- [HOW TO COMPLETE THIS TASK]: The lines below starting at the line containing "シュナウザーのスタンダードカットは、耳をツルツルにしてまつ毛を切るのですが、" and ending at the line containing "In deze strakke, moderne" are to be repeated exactly, with both ends kept and nothing else added.
┌─ DATA SUPPLIED
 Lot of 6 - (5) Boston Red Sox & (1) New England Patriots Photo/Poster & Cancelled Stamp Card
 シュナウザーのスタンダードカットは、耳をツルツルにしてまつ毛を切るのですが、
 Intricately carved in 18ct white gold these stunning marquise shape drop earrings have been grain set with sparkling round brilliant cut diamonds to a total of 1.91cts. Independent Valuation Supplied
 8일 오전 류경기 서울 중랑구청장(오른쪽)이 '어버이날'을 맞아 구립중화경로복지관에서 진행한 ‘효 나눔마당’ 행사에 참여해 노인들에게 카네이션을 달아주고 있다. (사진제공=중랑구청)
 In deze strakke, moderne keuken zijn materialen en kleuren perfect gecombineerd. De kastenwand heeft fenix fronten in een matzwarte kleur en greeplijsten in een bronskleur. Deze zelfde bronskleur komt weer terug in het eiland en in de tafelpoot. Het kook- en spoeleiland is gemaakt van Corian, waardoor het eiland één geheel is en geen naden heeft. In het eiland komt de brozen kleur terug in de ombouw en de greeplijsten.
└─
┌─ DATA SUPPLIED
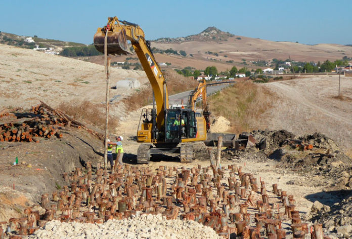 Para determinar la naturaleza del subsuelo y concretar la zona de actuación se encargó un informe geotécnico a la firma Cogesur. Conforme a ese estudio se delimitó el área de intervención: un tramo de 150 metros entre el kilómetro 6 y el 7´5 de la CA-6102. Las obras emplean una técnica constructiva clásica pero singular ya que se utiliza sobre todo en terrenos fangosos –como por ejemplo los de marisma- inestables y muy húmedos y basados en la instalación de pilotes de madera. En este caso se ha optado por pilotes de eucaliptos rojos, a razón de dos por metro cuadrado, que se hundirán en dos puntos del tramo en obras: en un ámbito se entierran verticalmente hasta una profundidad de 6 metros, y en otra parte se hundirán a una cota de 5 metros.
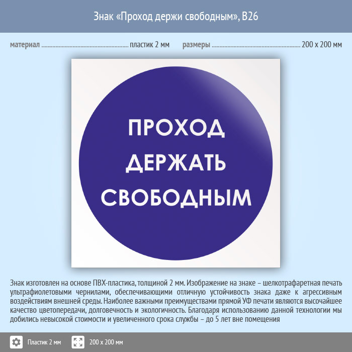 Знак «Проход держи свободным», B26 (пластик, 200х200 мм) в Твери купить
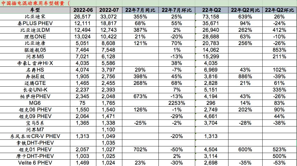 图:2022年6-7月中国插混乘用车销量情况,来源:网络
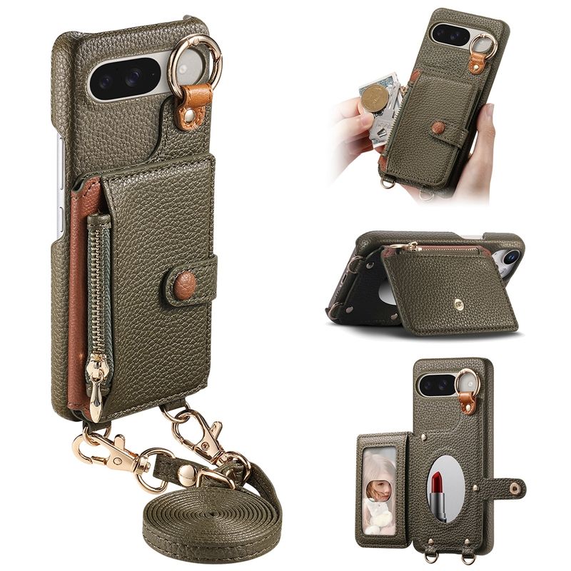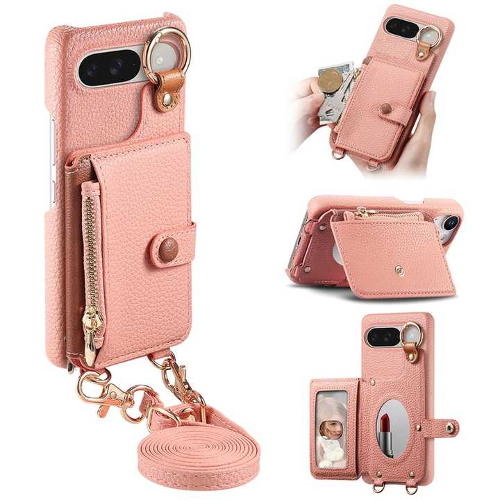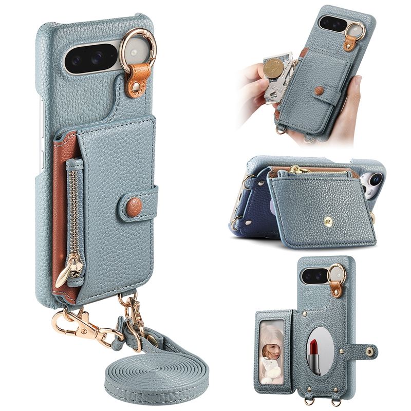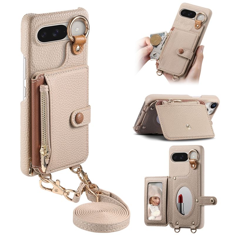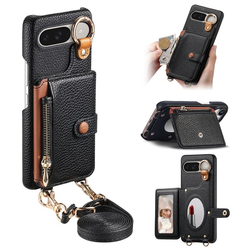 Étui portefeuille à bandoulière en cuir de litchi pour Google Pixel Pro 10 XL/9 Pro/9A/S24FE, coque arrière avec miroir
└─
- [FINISHED TASK]:
 シュナウザーのスタンダードカットは、耳をツルツルにしてまつ毛を切るのですが、
 Intricately carved in 18ct white gold these stunning marquise shape drop earrings have been grain set with sparkling round brilliant cut diamonds to a total of 1.91cts. Independent Valuation Supplied
 8일 오전 류경기 서울 중랑구청장(오른쪽)이 '어버이날'을 맞아 구립중화경로복지관에서 진행한 ‘효 나눔마당’ 행사에 참여해 노인들에게 카네이션을 달아주고 있다. (사진제공=중랑구청)
 In deze strakke, moderne keuken zijn materialen en kleuren perfect gecombineerd. De kastenwand heeft fenix fronten in een matzwarte kleur en greeplijsten in een bronskleur. Deze zelfde bronskleur komt weer terug in het eiland en in de tafelpoot. Het kook- en spoeleiland is gemaakt van Corian, waardoor het eiland één geheel is en geen naden heeft. In het eiland komt de brozen kleur terug in de ombouw en de greeplijsten.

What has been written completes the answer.